Supplied information:

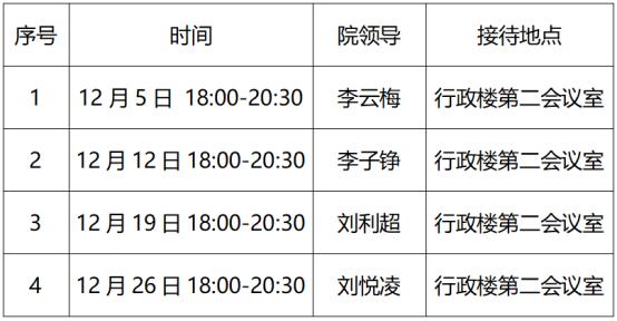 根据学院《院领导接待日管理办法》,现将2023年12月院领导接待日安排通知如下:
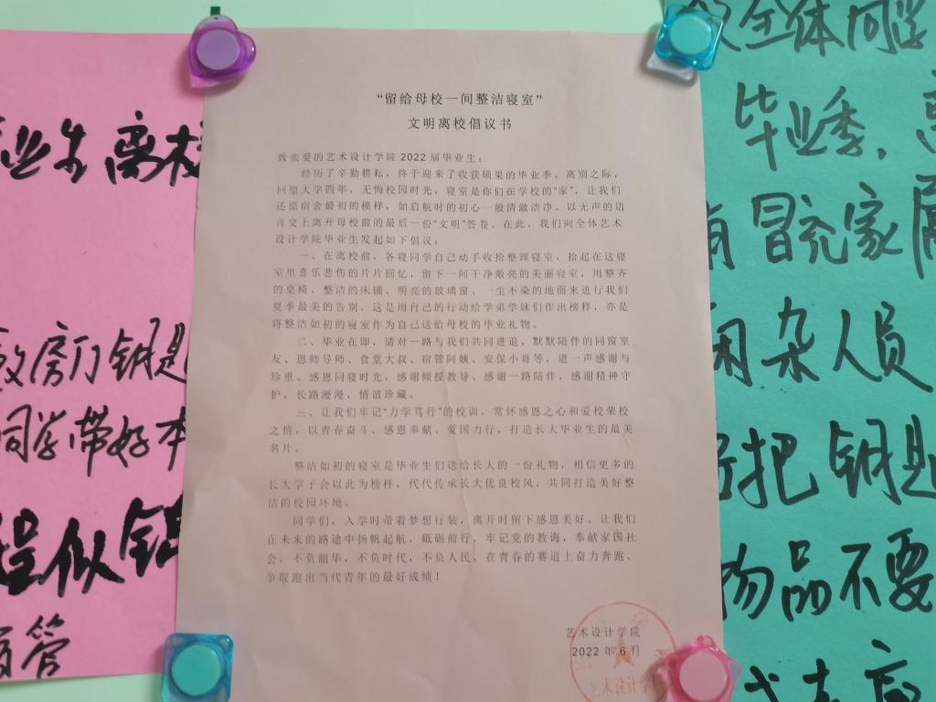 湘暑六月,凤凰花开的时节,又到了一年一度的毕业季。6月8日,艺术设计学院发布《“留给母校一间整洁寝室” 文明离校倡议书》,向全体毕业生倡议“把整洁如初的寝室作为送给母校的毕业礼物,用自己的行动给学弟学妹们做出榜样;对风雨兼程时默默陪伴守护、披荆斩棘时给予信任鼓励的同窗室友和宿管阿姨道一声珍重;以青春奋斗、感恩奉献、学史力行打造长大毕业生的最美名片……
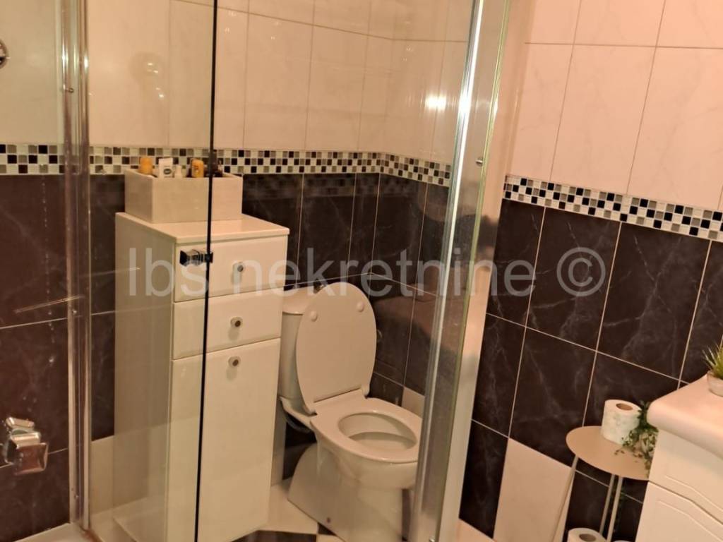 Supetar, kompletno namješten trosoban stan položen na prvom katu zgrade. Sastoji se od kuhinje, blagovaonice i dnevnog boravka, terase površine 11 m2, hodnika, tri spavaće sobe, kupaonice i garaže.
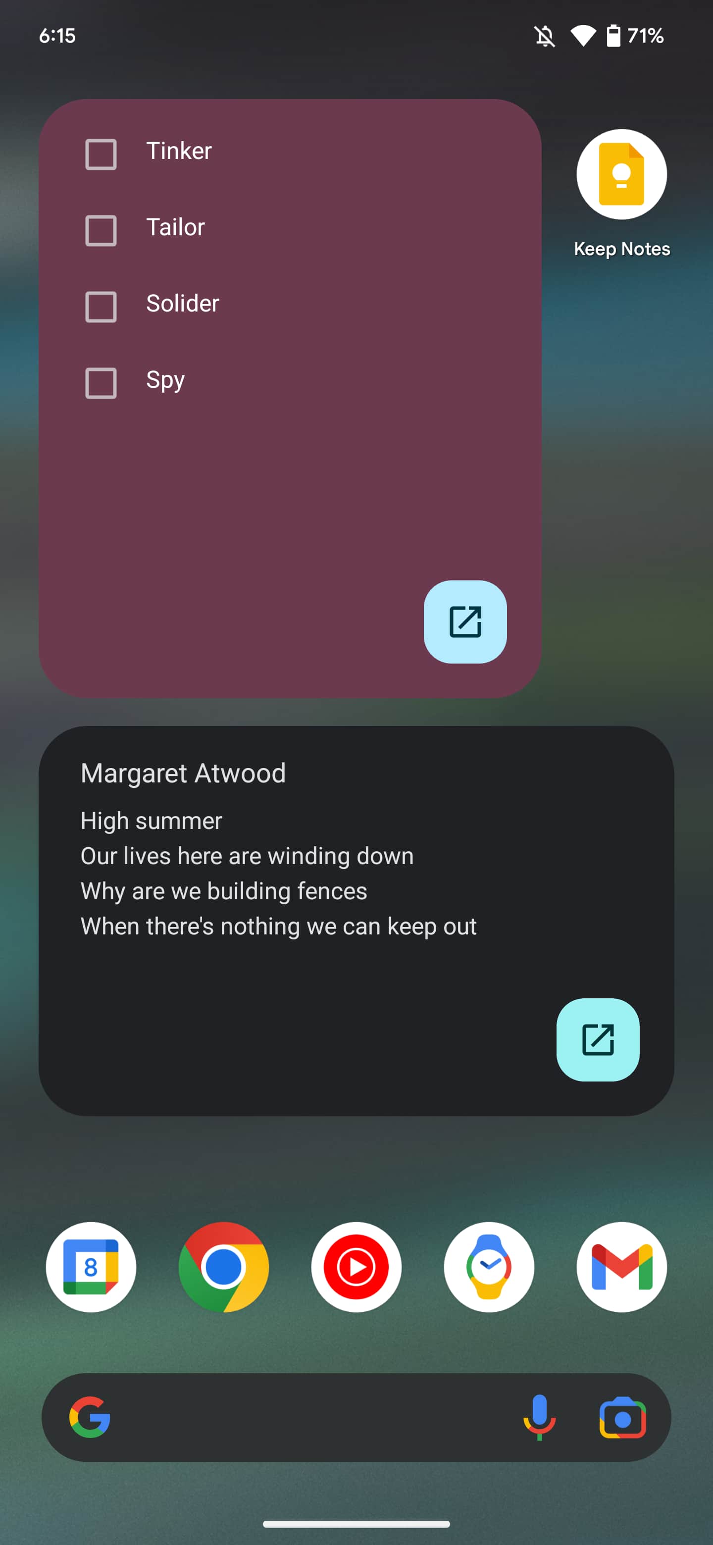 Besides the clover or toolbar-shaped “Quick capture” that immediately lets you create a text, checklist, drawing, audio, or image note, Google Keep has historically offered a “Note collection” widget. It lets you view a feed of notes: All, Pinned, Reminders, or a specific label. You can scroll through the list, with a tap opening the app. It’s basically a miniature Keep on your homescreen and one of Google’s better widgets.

Aim of the exercise: Images should not appear in the copy; retype the listing above exactly.

Answer section:
 根据学院《院领导接待日管理办法》,现将2023年12月院领导接待日安排通知如下:
 湘暑六月,凤凰花开的时节,又到了一年一度的毕业季。6月8日,艺术设计学院发布《“留给母校一间整洁寝室” 文明离校倡议书》,向全体毕业生倡议“把整洁如初的寝室作为送给母校的毕业礼物,用自己的行动给学弟学妹们做出榜样;对风雨兼程时默默陪伴守护、披荆斩棘时给予信任鼓励的同窗室友和宿管阿姨道一声珍重;以青春奋斗、感恩奉献、学史力行打造长大毕业生的最美名片……
 Supetar, kompletno namješten trosoban stan položen na prvom katu zgrade. Sastoji se od kuhinje, blagovaonice i dnevnog boravka, terase površine 11 m2, hodnika, tri spavaće sobe, kupaonice i garaže.
 Besides the clover or toolbar-shaped “Quick capture” that immediately lets you create a text, checklist, drawing, audio, or image note, Google Keep has historically offered a “Note collection” widget. It lets you view a feed of notes: All, Pinned, Reminders, or a specific label. You can scroll through the list, with a tap opening the app. It’s basically a miniature Keep on your homescreen and one of Google’s better widgets.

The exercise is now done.